• Your instructions: Where the data below contains pictures, omit them; output the rest word for word.
──────── Information shown ────────
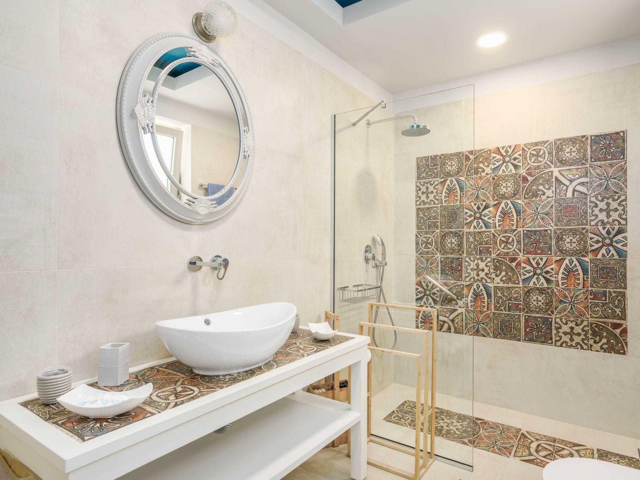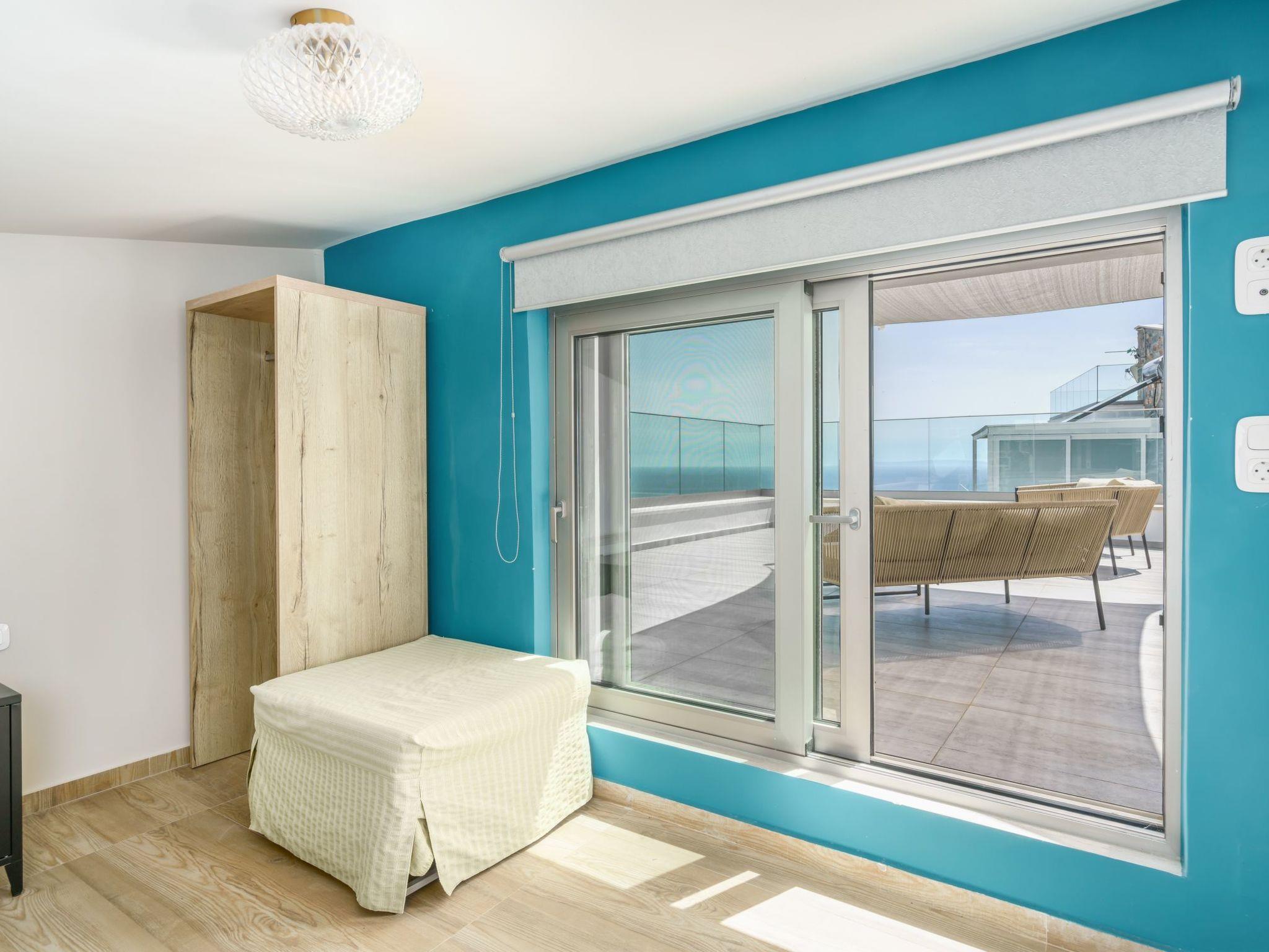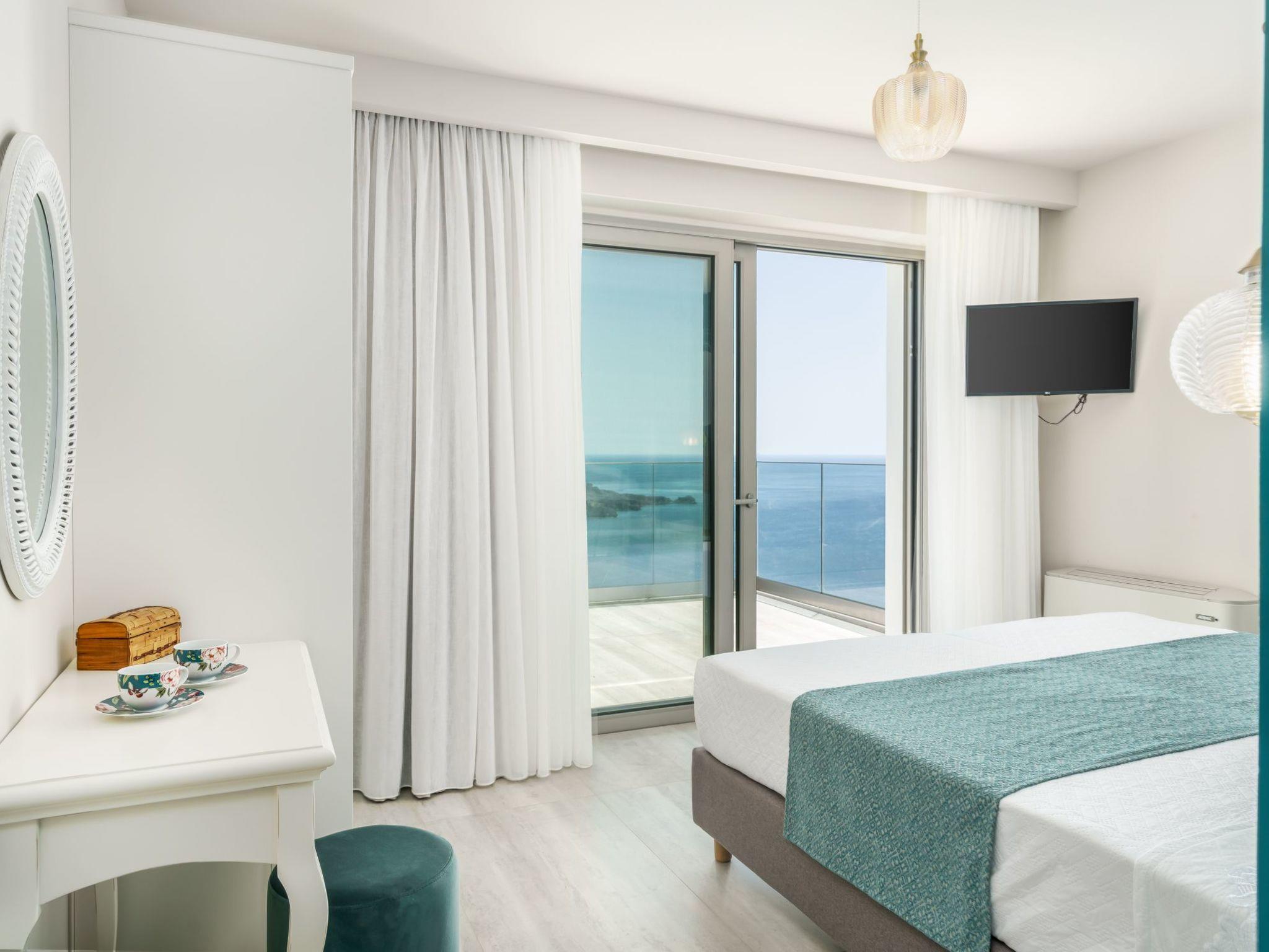 The villa includes two beautifully furnished double bedrooms, each with satellite TV and terrace access that offers breathtaking sea views. Modern bathrooms are equipped with hair dryers, toiletries, and plush towels for added comfort. The 2nd-floor loft houses the villa's second bathroom and additional bedding for a fifth guest, while modern heat pumps provide eco-friendly temperature control.
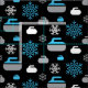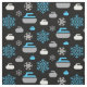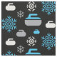 Tecido com floco de neve e padrão de rocha em azul, cinza e branco sobre fundo preto. Perfeito para curadores e fãs.
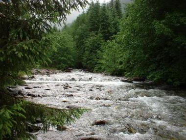 La trei minute în aval de placa de beton ajungem la cantonul Nisipuri, 1160 metri altitudine, unde forestierii ocupă o cameră. Iar la 15 minute în aval de aici sosim/ reajungem la începutul drumului forestier ce suie de-a lungul apei Pojarna.
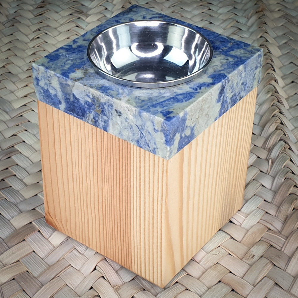 Made of pine wood and a piece of blue onyx marble.
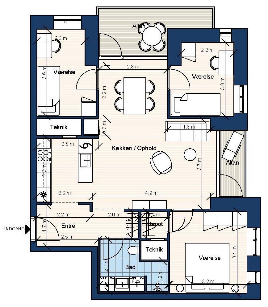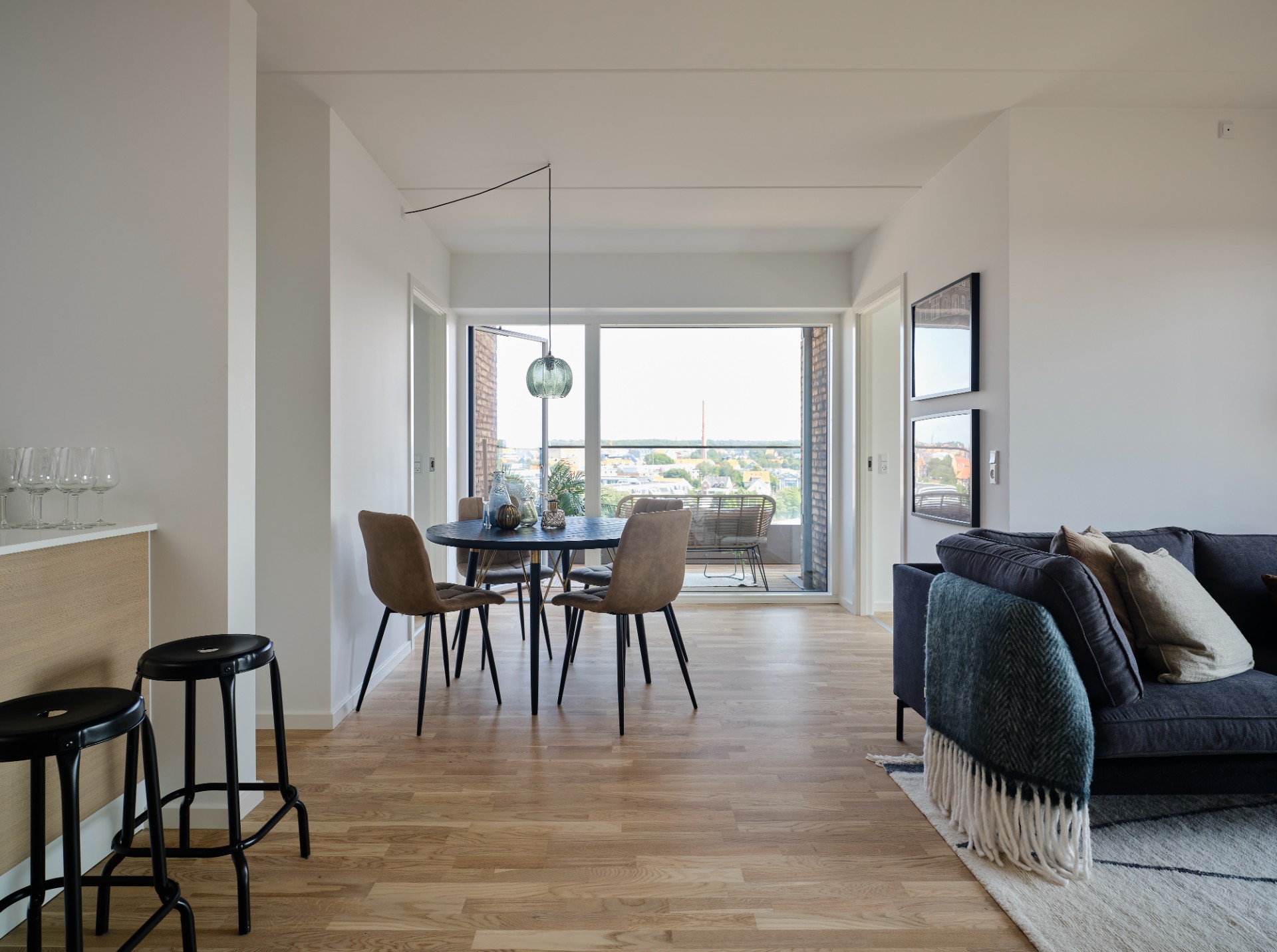 Nyopført 4-værelses lejlighed med hele 2 altaner. Men en sydvendt og en østvendt altan får du rig mulighed for at nyde udsigten over Frederiksbro Parken og det fredede område Bøllemosen. Køkkenet er fra Invita og udstyret med hårde hvidevarer fra Siemens. I direkte forlængelse af køkkenet er en dejlig opholdsstue med udgang til begge boligens altaner. Her kan du nyde en fredelig udestund med udsigt til Frederiksbro og de omkringliggende områder. I alle tre værelser står installerede skabe, og lejligheden har desuden et depotrum. Der er gulvvarme i alle rum, og på badeværelset er både vaskemaskine og tørretumbler fra Siemens.
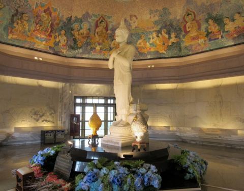 查斯里朋寺位于老城的东北方向,远远地望去这里有有一座有醒目的白塔,中间隔着一条河查斯里朋寺位于老城的东北方向,远远地望去这里有有一座有醒目的白塔,中间隔着一条河。寺庙囊括了具泰国中部特征的巨大僧院和大礼拜堂。佛塔耸立在远处角落里,四周的橱壁里也放着着许多的佛像。 2016-12-15 23:33
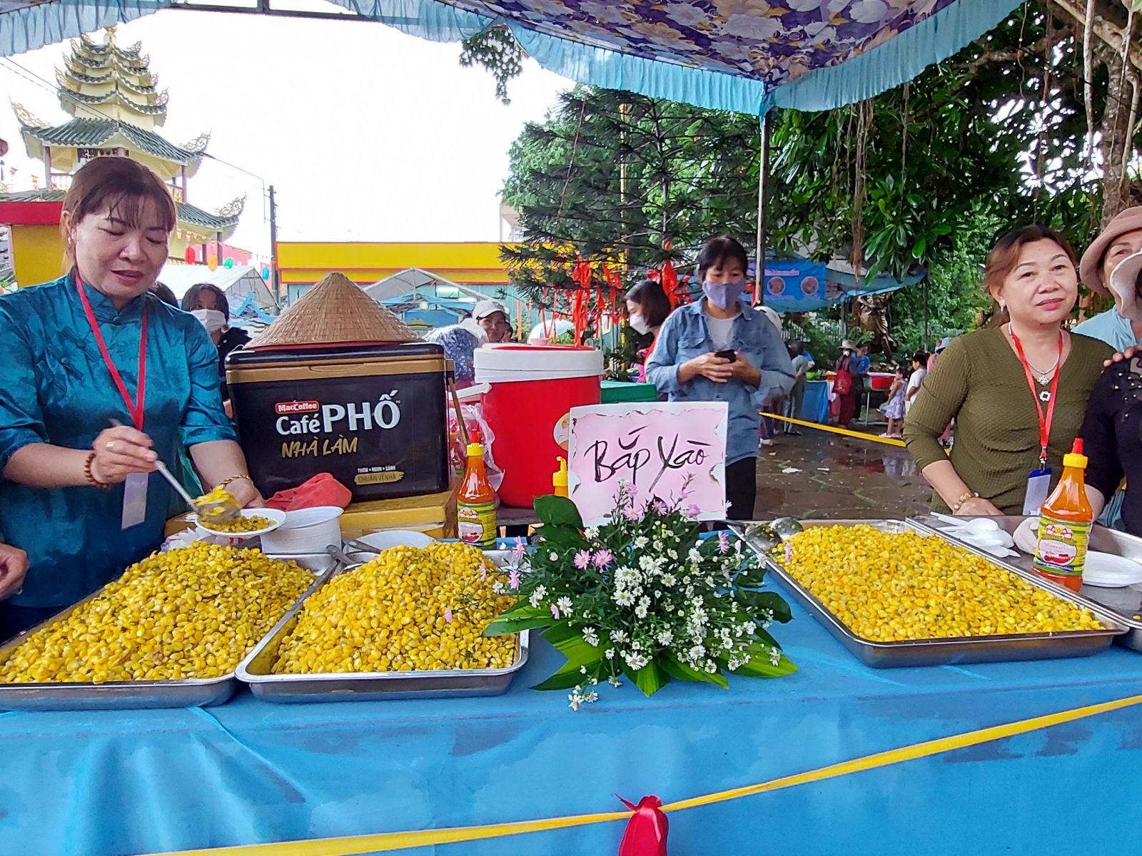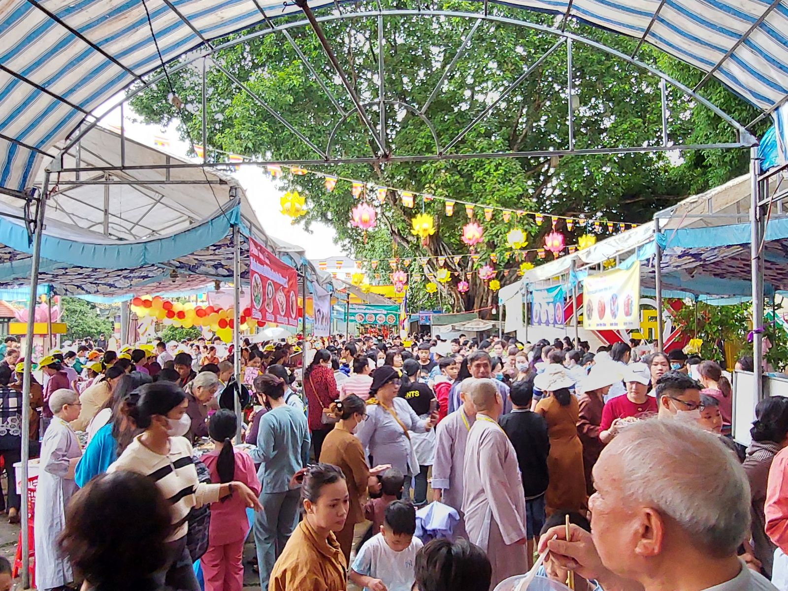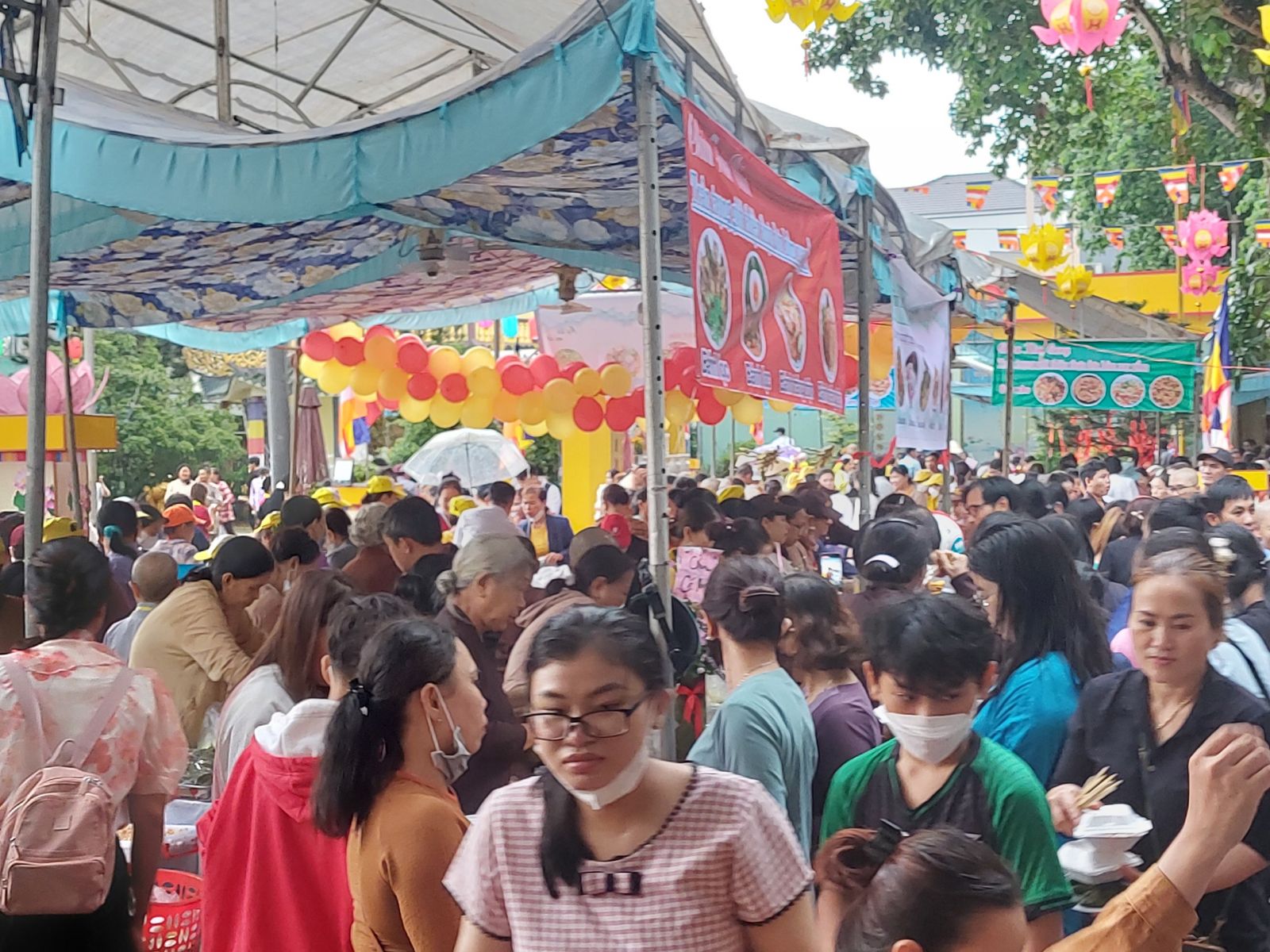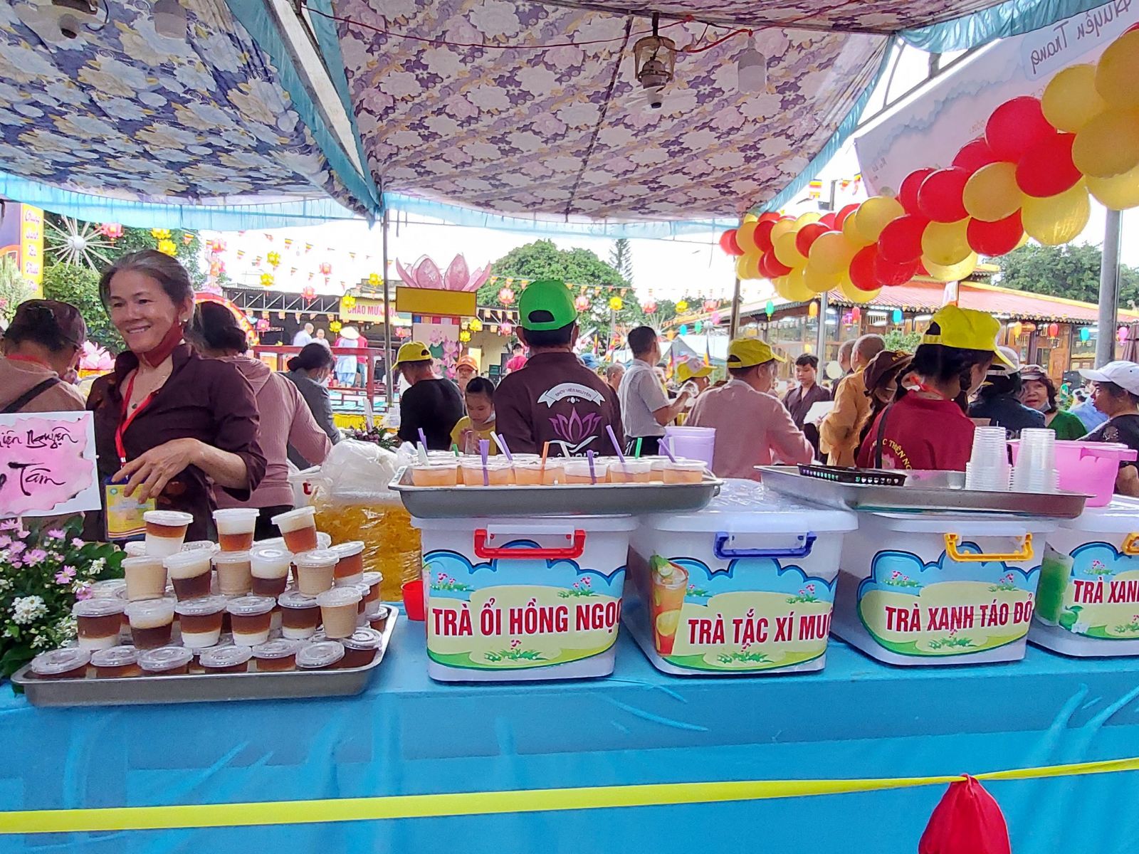 Mặc dù trời mưa bão kéo dài, nhưng hơn 20 đơn vị phát tâm với 70 món ăn vô cùng hấp dẫn và đẹp mắt, đã vất vả nổ lực vận chuyển đồ đạc trong mưa để lo cho tiệc buffet. Những nghĩa cử thật xúc động thân thương để lại ấn tượng trong lòng mọi người.
────────
• Solution for this problem:
 The villa includes two beautifully furnished double bedrooms, each with satellite TV and terrace access that offers breathtaking sea views. Modern bathrooms are equipped with hair dryers, toiletries, and plush towels for added comfort. The 2nd-floor loft houses the villa's second bathroom and additional bedding for a fifth guest, while modern heat pumps provide eco-friendly temperature control.
 Tecido com floco de neve e padrão de rocha em azul, cinza e branco sobre fundo preto. Perfeito para curadores e fãs.
 La trei minute în aval de placa de beton ajungem la cantonul Nisipuri, 1160 metri altitudine, unde forestierii ocupă o cameră. Iar la 15 minute în aval de aici sosim/ reajungem la începutul drumului forestier ce suie de-a lungul apei Pojarna.
 Made of pine wood and a piece of blue onyx marble.
 Nyopført 4-værelses lejlighed med hele 2 altaner. Men en sydvendt og en østvendt altan får du rig mulighed for at nyde udsigten over Frederiksbro Parken og det fredede område Bøllemosen. Køkkenet er fra Invita og udstyret med hårde hvidevarer fra Siemens. I direkte forlængelse af køkkenet er en dejlig opholdsstue med udgang til begge boligens altaner. Her kan du nyde en fredelig udestund med udsigt til Frederiksbro og de omkringliggende områder. I alle tre værelser står installerede skabe, og lejligheden har desuden et depotrum. Der er gulvvarme i alle rum, og på badeværelset er både vaskemaskine og tørretumbler fra Siemens.
 查斯里朋寺位于老城的东北方向,远远地望去这里有有一座有醒目的白塔,中间隔着一条河查斯里朋寺位于老城的东北方向,远远地望去这里有有一座有醒目的白塔,中间隔着一条河。寺庙囊括了具泰国中部特征的巨大僧院和大礼拜堂。佛塔耸立在远处角落里,四周的橱壁里也放着着许多的佛像。 2016-12-15 23:33
 Mặc dù trời mưa bão kéo dài, nhưng hơn 20 đơn vị phát tâm với 70 món ăn vô cùng hấp dẫn và đẹp mắt, đã vất vả nổ lực vận chuyển đồ đạc trong mưa để lo cho tiệc buffet. Những nghĩa cử thật xúc động thân thương để lại ấn tượng trong lòng mọi người.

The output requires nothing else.